Input:
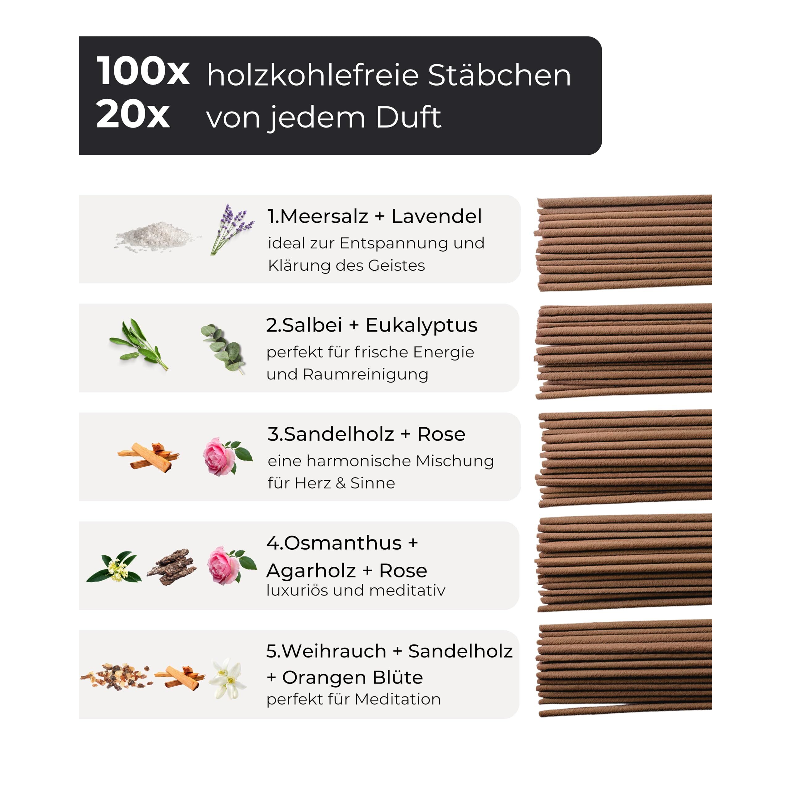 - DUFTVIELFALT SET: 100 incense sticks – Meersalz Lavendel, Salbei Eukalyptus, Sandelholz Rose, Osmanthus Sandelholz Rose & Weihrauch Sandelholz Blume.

==

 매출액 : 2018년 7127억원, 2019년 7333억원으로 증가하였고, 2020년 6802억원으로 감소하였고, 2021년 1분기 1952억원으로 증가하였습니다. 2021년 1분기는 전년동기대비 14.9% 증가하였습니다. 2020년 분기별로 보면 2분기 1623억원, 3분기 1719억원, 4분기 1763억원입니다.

==

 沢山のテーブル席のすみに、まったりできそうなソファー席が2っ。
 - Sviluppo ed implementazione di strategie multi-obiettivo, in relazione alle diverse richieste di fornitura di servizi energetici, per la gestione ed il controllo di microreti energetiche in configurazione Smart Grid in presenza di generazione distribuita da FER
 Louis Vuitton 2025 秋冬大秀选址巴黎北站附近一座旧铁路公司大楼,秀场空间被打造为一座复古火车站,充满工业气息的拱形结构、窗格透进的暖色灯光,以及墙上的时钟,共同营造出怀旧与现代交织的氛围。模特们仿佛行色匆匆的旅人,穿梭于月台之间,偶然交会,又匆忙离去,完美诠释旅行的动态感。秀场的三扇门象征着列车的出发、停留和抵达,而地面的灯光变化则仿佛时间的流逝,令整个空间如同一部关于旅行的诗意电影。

Problem details:
Would you retype the lines above from the one with "沢山のテーブル席のすみに、まったりできそうなソファー席が2っ。" down to the one with "Louis Vuitton 2025", word for word, both ends included and no other lines?

Completed exercise:
 沢山のテーブル席のすみに、まったりできそうなソファー席が2っ。
 - Sviluppo ed implementazione di strategie multi-obiettivo, in relazione alle diverse richieste di fornitura di servizi energetici, per la gestione ed il controllo di microreti energetiche in configurazione Smart Grid in presenza di generazione distribuita da FER
 Louis Vuitton 2025 秋冬大秀选址巴黎北站附近一座旧铁路公司大楼,秀场空间被打造为一座复古火车站,充满工业气息的拱形结构、窗格透进的暖色灯光,以及墙上的时钟,共同营造出怀旧与现代交织的氛围。模特们仿佛行色匆匆的旅人,穿梭于月台之间,偶然交会,又匆忙离去,完美诠释旅行的动态感。秀场的三扇门象征着列车的出发、停留和抵达,而地面的灯光变化则仿佛时间的流逝,令整个空间如同一部关于旅行的诗意电影。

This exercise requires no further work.